START Given entries
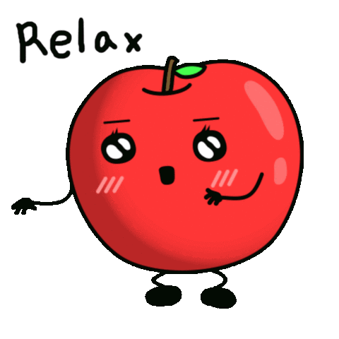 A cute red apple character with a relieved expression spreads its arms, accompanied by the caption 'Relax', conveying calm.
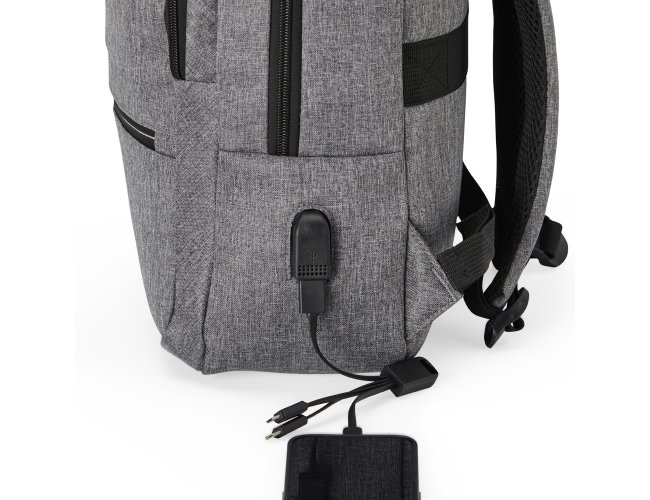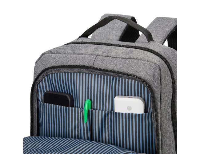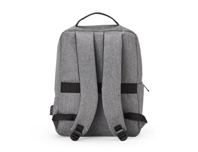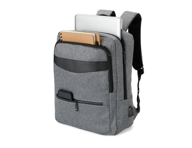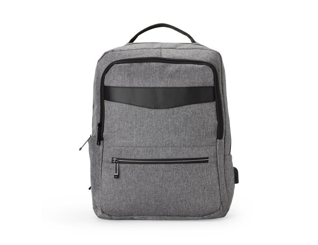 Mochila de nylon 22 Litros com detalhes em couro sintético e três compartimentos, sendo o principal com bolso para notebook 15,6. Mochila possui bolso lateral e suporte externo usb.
END Given entries
START Given entries
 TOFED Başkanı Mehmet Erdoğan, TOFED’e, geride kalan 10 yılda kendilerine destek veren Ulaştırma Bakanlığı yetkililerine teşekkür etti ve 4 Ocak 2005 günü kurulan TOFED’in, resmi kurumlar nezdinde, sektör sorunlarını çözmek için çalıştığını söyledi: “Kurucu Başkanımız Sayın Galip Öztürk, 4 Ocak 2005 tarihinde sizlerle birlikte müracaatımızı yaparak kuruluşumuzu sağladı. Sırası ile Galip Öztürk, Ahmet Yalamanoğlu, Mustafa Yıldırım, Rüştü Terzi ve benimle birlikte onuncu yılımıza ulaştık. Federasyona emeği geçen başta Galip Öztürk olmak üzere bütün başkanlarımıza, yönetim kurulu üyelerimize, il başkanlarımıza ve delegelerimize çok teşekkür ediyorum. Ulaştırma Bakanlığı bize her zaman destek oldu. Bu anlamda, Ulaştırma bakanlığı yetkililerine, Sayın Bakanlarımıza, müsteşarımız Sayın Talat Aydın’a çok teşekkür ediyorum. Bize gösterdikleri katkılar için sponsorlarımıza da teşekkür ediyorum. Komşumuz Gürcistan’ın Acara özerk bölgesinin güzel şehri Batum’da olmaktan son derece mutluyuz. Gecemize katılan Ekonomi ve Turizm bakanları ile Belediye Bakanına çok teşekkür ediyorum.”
END Given entries
START Given entries
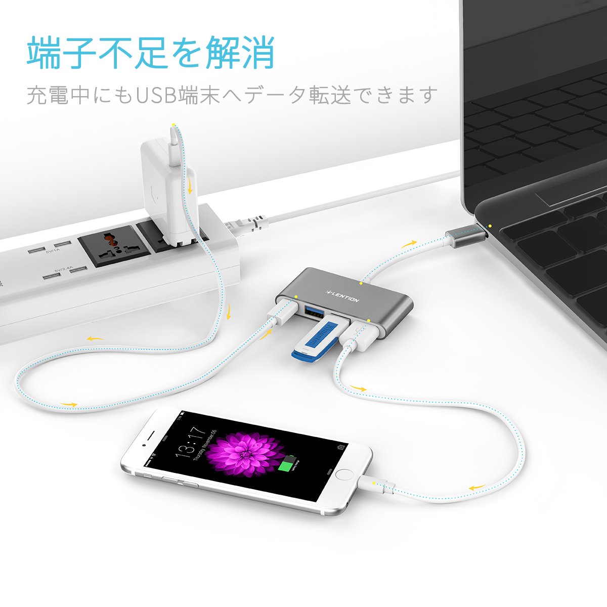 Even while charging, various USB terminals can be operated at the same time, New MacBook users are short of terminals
END Given entries
### Work task
Looking at the listing above, which lines run from the one containing "A cute red apple" through the one containing "Mochila de nylon"? Print exactly those, ends included, pictures excluded.

### Response for this exercise
 A cute red apple character with a relieved expression spreads its arms, accompanied by the caption 'Relax', conveying calm.
 Mochila de nylon 22 Litros com detalhes em couro sintético e três compartimentos, sendo o principal com bolso para notebook 15,6. Mochila possui bolso lateral e suporte externo usb.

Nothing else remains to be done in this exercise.